Breaking My Comfort Zone Abroad

by Starr Ramos

My resolution for this year was to get comfortable being uncomfortable. I can proudly say I accomplished this over the summer as I interned abroad in Dublin, Ireland for 9 weeks alone. 

One thing you need to know about me is that I am not very social and have anxiety about being by myself, so this was a big deal.

If you told me freshman year I would solo travel across the world for an extended period of time, I wouldn’t have believed it. At that point in my life, I would barely go to the dining hall without company. I was so dependent on the presence of people to make me feel comfortable that I trapped myself in a bubble, hindering my growth and restricting me from making certain connections. This is what led me to apply for a study abroad program, even if it meant I was going to be alone. 

Days before my flight would take off, I broke down in fear of diving into the unknown. I was so paranoid, but looking back, I see it was a good fear. I was breaking out of my comfort zone which is never easy, but definitely necessary.

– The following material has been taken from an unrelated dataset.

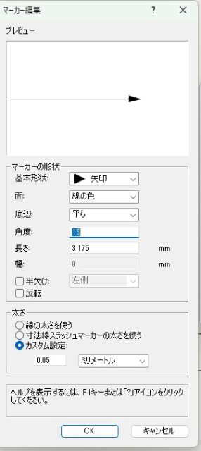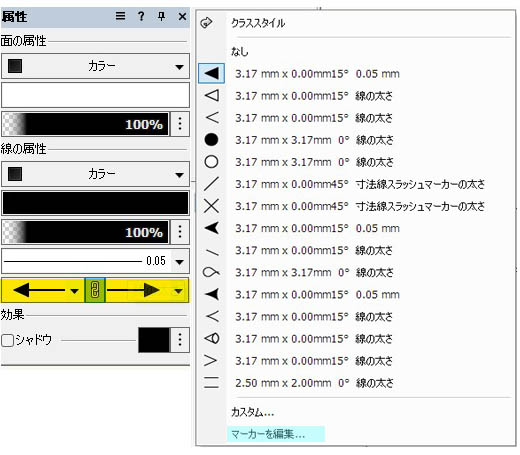 図面内に注釈を入れたり、勾配の表示等をする際に、線の始点や終点にマーカーを付けたい場合は視点マーカーを使い線の始点や終点に矢印や〇マーク等を付ける事ができます。こちらも属性内で設定ができます。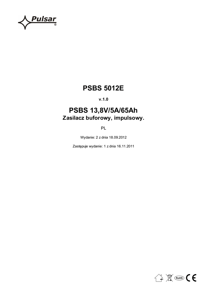 PSBS 5012E v.1.0 PSBS 13,8V/5A/65Ah Zasilacz buforowy, impulsowy. PL Wydanie: 2 z dnia 18.09.2012 Zastępuje wydanie: 1 z dnia 16.11.2011 www.pulsar.pl PSBS5012E Cechy zasilacza: • • • • • • • • • bezprzerwowe zasilanie DC 13,8V/5A miejsce na akumulator 65Ah/12V wysoka sprawność 72% kontrola ładowania i konserwacji akumulatora ochrona akumulatora przed nadmiernym rozładowaniem (UVP) zabezpieczenie wyjścia akumulatora przed zwarciem i odwrotnym podłączeniem prąd ładowania akumulatora 0,5A/1A/1,5A/2A przełączany zworką funkcja START manualnego załączenia akumulatora kontrola stanu bezpiecznika wyjścia AUX • sygnalizacja optyczna LED • wyjście techniczne FAC sygnalizacji zaniku sieci 230V • wyjście techniczne FPS awarii zasilacza wyzwalane przez: • zwarcie wyjścia (SCP) • przeciążenie wyjścia (OLP) • awarię przetwornicy napięcia DC/DC • zabezpieczenia: • przeciwzwarciowe SCP • przeciążeniowe OLP • termiczne OHP • przepięciowe • antysabotażowe SPIS TREŚCI: 1. Opis techniczny. 1.1. Opis ogólny 1.2. Schemat blokowy 1.3. Opis elementów i złącz zasilacza 1.4. Parametry techniczne 2. Instalacja. 2.1. Wymagania 2.2. Procedura instalacji 3. Sygnalizacja pracy zasilacza. 3.1. Sygnalizacja optyczna 3.2. Wyjścia techniczne 4. Obsługa oraz eksploatacja. 4.1. Przeciążenie lub zwarcie wyjścia zasilacza 4.2. Praca bateryjna 4.3. Konserwacja 1. Opis techniczny. 1.1. Opis ogólny. Zasilacz buforowy przeznaczony jest do nieprzerwanego zasilania urządzeń systemów alarmowych wymagających stabilizowanego napięcia 12V/DC (+/-15%). Zasilacz dostarcza napięcia 13,8 V DC o wydajności prądowej: 1. Prąd wyjściowy 5,0A (bez akumulatora) 2. Prąd wyjściowy 4,5A + 0,5A ładowanie akumulatora 3. Prąd wyjściowy 4,0A + 1,0A ładowanie akumulatora 4. Prąd wyjściowy 3,5A + 1,5A ładowanie akumulatora 5. Prąd wyjściowy 3,0A + 2,0A ładowanie akumulatora Sumaryczny prąd odbiorników + akumulator wynosi max 5A W przypadku zaniku napięcia sieciowego następuje natychmiastowe przełączenie na zasilanie akumulatorowe. Prąd ładowania akumulatora ustawiono fabrycznie na 1A. Zasilacz umieszczony jest w obudowie metalowej (kolor RAL 9003) z miejscem na akumulator 65Ah/12V. Obudowa wyposażona jest w mikroprzełącznik sygnalizujący otwarcie drzwiczek (czołówki) i oderwanie od podłoża. OPCJONALNE KONFIGURACJE ZASILACZA: (wizualizacja dostępna na www.pulsar.pl) PSBS 5012E z akumulatorem 65Ah. 1. Zasilacz buforowy PSBS 13,8V/4x1A/65Ah - PSBS 5012E + LB4 4x1A (AWZ575 lub AWZ576) + 65Ah 2. Zasilacz buforowy PSBS 13,8V/8x0,5A/65Ah - PSBS 5012E + LB8 8x0,5A (AWZ578 lub AWZ580) + 65Ah - PSBS 5012E + 2xLB4 2x4x0,5A (AWZ574 lub AWZ576) + 65Ah 2 www.pulsar.pl PSBS5012E 3. Zasilacz buforowy PSBS 13,8V/16x0,3A/65Ah - PSBS 5012E + 2xLB8 2x8x0,3A (AWZ577 lub AWZ580) + 65Ah 4. Zasilacz buforowy PSBS 13,8V/12V/5A/65Ah - PSBS 5012E + RN500 (13,8V/12V) + 65Ah 5. Zasilacz buforowy PSBS 13,8V/2x12V/2x2,5A/65Ah - PSBS 5012E + 2xRN250 (13,8V/12V) + 65Ah 6. Zasilacz buforowy PSBS 13,8V/12V/16x0,3A/65Ah - PSBS 5012E + RN500 (13,8V/12V) + 2xLB8 2x8x0,3A (AWZ577 lub AWZ580) + 65Ah 7. Zasilacz buforowy PSBS 13,8V/12V/8x0,5A/65Ah - PSBS 5012E + RN500 (13,8V/12V) + LB8 8x0,5A (AWZ578 lub AWZ580) + 65Ah 8. Zasilacz buforowy PSBS 13,8V/12V/4x1A/65Ah - PSBS 5012E + RN500 (13,8V/12V) + LB4 4x1A (AWZ575 lub AWZ576) + 65Ah 9. Zasilacz buforowy PSBS 13,8V/3x5V÷7,4V/3x2A/65Ah - PSBS 5012E + 3xDCDC20(3x5V÷7,4V/3x2A) + 65Ah 1.2. Schemat blokowy (rys.1). Rys.1. Schemat blokowy zasilacza. 3 www.pulsar.pl PSBS5012E 1.3. Opis elementów i złącz zasilacza. Tabela 1. Elementy płyty pcb zasilacza (patrz rys. 2). Element nr Opis [1] FBAT bezpiecznik w obwodzie akumulatora [2] START przycisk (uruchomienie zasilacza z akumulatora) PBAT; zworka - konfiguracja funkcji ochrony akumulatora UVP • PBAT = funkcja ochrony (odłączenia) akumulatora wyłączona [3] • PBAT = funkcja ochrony (odłączenia) akumulatora włączona zworka założona, zworka zdjęta Opis: [4] VADJ potencjometr, regulacja napięcia DC Złącza: +BAT- Wyjście zasilania DC akumulatora (+BAT= czerwony, -BAT = czarny) +AUX- Wyjście zasilania DC (+AUX= +U, -AUX=GND) FAC - wyjście techniczne braku sieci AC – typu OC (open collector) [5] poziom hi-Z = stan: awaria zasilania AC poziom L = stan: zasilanie AC FPS - wyjście techniczne stanu pracy zasilacza – typu OC (open collector) poziom hi-Z = stan: awaria poziom L = stan: praca poprawna Sygnalizacja optyczna LED: AC – dioda LED sygnalizująca obecność napięcia AC [6] LB – dioda LED sygnalizująca ładowanie akumulatora AUX – dioda LED sygnalizująca obecność napięcia wyjściowego DC IBAT; zworki- konfiguracja prądu ładowania akumulatora • J1= J2= Ibat =0,5 A • J1= J2= Ibat =1,0 A [7] J2= Ibat =1,5 A • J1= • J1= J2= Ibat =2,0 A Opis: zworka założona, zworka zdjęta [8] Złącze wyjścia dodatkowej zewnętrznej sygnalizacji optycznej AC i AUX. Rys. 2. Widok płyty pcb zasilacza. 4 www.pulsar.pl PSBS5012E Tabela 2. Elementy zasilacza (patrz rys. 3). Element nr Opis [1] Transformator separacyjny [2] Płyta zasilacza (tab. 1, rys. 2) [3] TAMPER x2; mikrowyłączniki (styki) ochrony antysabotażowej (NC) [4] FMAIN bezpiecznik w obwodzie zasilania (230V/AC) [5] [6] L-N złącze zasilania 230V/AC, Złącze ochrony PE Konektory akumulatora: +BAT = czerwony, - BAT = czarny Rys.3. Widok zasilacza. 5 www.pulsar.pl PSBS5012E 1.4. Parametry techniczne: - parametry elektryczne (tab.3) - parametry mechaniczne (tab.4) - bezpieczeństwo użytkowania (tab.5) - parametry eksploatacyjne (tab.6) Parametry elektryczne (tab. 3). Napięcie zasilania Pobór prądu Częstotliwość zasilania Moc zasilacza Sprawność Napięcie wyjściowe Prąd wyjściowy Czas narastania, opadania i podtrzymania napięcia wyjściowego Zakres regulacji napięcia wyjściowego Napięcie tętnienia Pobór prądu przez układy zasilacza Prąd ładowania akumulatora Zabezpiecze

During my time in Europe, I learned to go to restaurants, movies and museums alone; it was freeing. While humans are social beings, finding peace within oneself is enriching. I am so grateful that I was able to break out of my comfort zone and travel the world. 

Besides living in the beautiful country of Ireland, I had the opportunity to visit Amsterdam, Munich, Paris and London. I made friends during my stay and was able to travel with them. This was another big step for me since I don’t make friends easily.

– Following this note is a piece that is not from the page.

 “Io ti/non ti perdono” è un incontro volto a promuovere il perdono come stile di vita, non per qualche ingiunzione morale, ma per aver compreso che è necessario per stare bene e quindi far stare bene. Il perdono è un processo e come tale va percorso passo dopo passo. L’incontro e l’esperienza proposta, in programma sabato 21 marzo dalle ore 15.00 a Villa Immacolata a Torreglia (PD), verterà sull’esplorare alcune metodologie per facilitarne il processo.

The one trip where I went by myself, to Amsterdam, was by far my favorite. I don’t know if it was because I was alone but there was something about that city that felt so right. 

While abroad, I learned the valuable lesson of learning to be comfortable with my own presence. Solo traveling and studying abroad is something I recommend to everyone. I challenge whomever is reading this to find a way to break out of your own comfort zone before 2019 ends because I know I definitely did.